Gente, te absurdo... faz um mês que escrevi esse post mas estava aqui aguardando para ser publicado. Que péssimo... mas antes tarde do que nunca né... lá vai:

Olá amados!!!!!
Mais um comentário sobre um anime bem recente... trata-se de "shigatsu wa kimi no uso", 22 episódios, em março terminou de ser exibido no Japão. Infelizmente não li ainda o mangá... é um título que certamente compraria caso fosse publicado. Assim como Ao Haru Raido, que estou comprando, mesmo já tendo lido todo o mangá pela internet e visto o anime. Falando nisso, recomendo pessoal.. comprem. heheeh
Voltando ao Shigatsu wa kimi no uso... já no começo nos deparamos com uma animação realmente muito bela. Os traços dos personagens, dinâmica, fotografia, enfim.. tudo é mesmo muito , muito belo.

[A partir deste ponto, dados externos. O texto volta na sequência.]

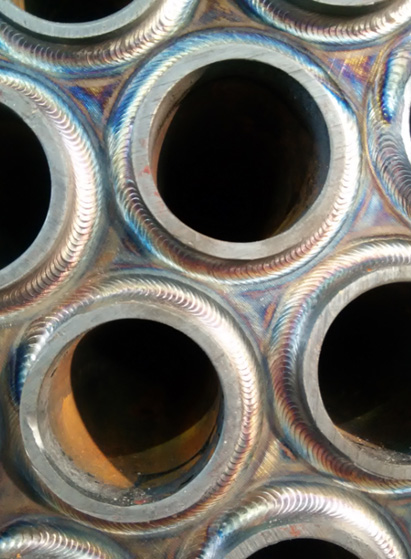 2015年春季,黃梅天氣持續(xù)不斷,空氣潮濕。我公司為了保證產(chǎn)品質量,采取了電工與焊工合作,邊預加熱邊焊接的方法,很大程度上確保了產(chǎn)品的焊接質量。換熱管焊接均采用兩層焊接的方法。如: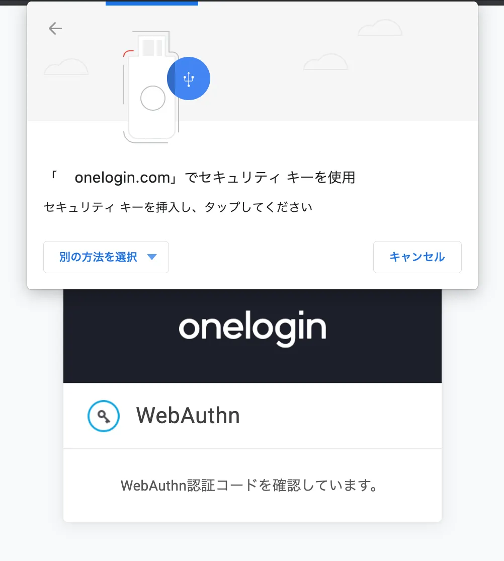 6. WebAuthnのポップアップが表示されます。YubiKeyを使うので、「USBセキュリティ キー」を選択します。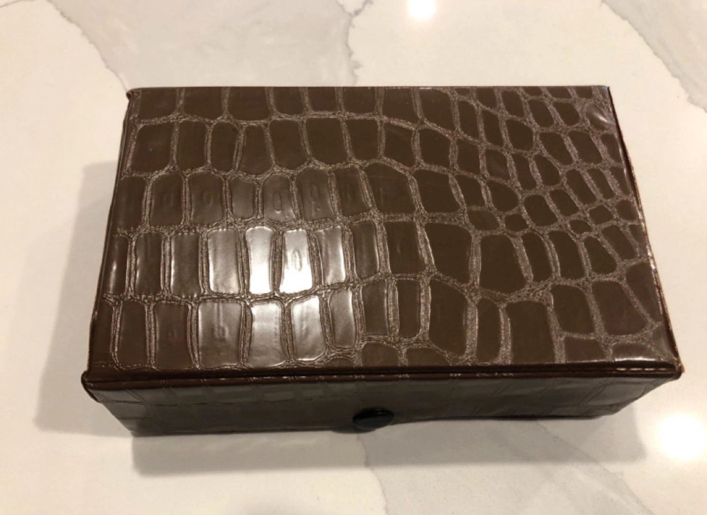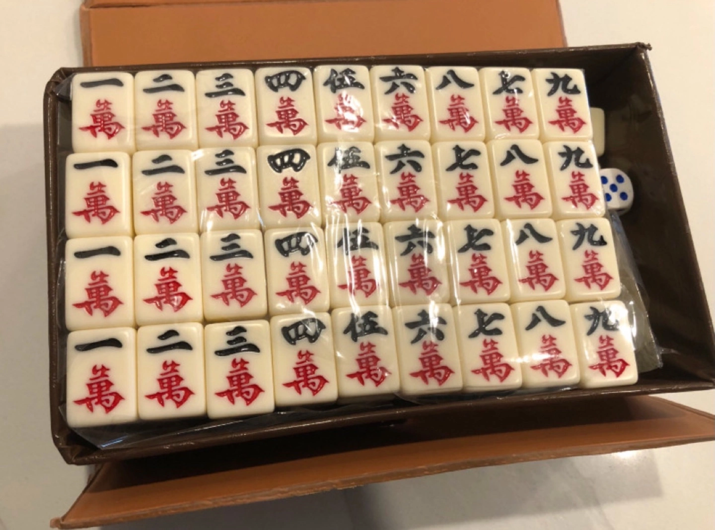 Complete mahjong set. Includes tiles and dice. Brown faux-crocodile carrying case. Brand new in package

Eu classificaria a série como musical (afinal, muitas e muitas peças de piano e violino são executadas ao longo dos ensaios e apresentações dos personagens), colegial (personagens frequentam o colégio), cotidiano, romance e drama. Alias, drama bem comovente. Eu só não fiquei realmente triste com o final porque acidentalmente descobri o que acontece com os personagens antes de começar a assistir o seriado. kkkkkk Não que isso seja um problema, afinal eu amo spoiler kkkkk
Kousei Arima é um rapaz prodígio no piano, porém nos últimos anos devido a morte de sua mãe (que era também sua mentora no início amorosa mas gradativamente cada vez mais tirana e maluca) ele acaba estagnando e não conseguindo mais tocar piano... uma espécie de bloqueio o impede de escutar a própria música e sentimentos de culpa em relação a mãe agravam ainda mais o drama pessoal do cidadão... hehe
Kaori Miyazono é aquele tipo de personagem que se apresenta alegre e extrovertido... via de regra eu não gosto desse tipo de personagem, mas curiosamente Kaori é muitíssimo simpática e não é irritante como costumam ser os extrovertidos e alegres em excesso. Ela é uma violinista que acaba persuadindo Arima a superar suas barreiras e voltar a encarar o piano. 
Os protagonistas mesmo são esses dois... há alguns outros personagens mas acabam se tornando coaduvantes, até mesmo a amiga de infância de Arima, é uma personagem bastante forte mas Kousei e Kaori se tornam tão marcantes na série, que na minha opinião todos os demais ficam em segundo plano. Todos os personagens se mostram muito bem construídos.. e é por isso que fiquei com vontade de ler o mangá.. vontade de conhecer mais a fundo cada um deles. 

Indico para quem não tenha traumas de seriados que beiram ao drama.. e que não ficam entediados com música clássica... Animação bonita.. belos traços e ótima dinâmica garantem uma boa fluidez da história. Título acima da média, recomendo.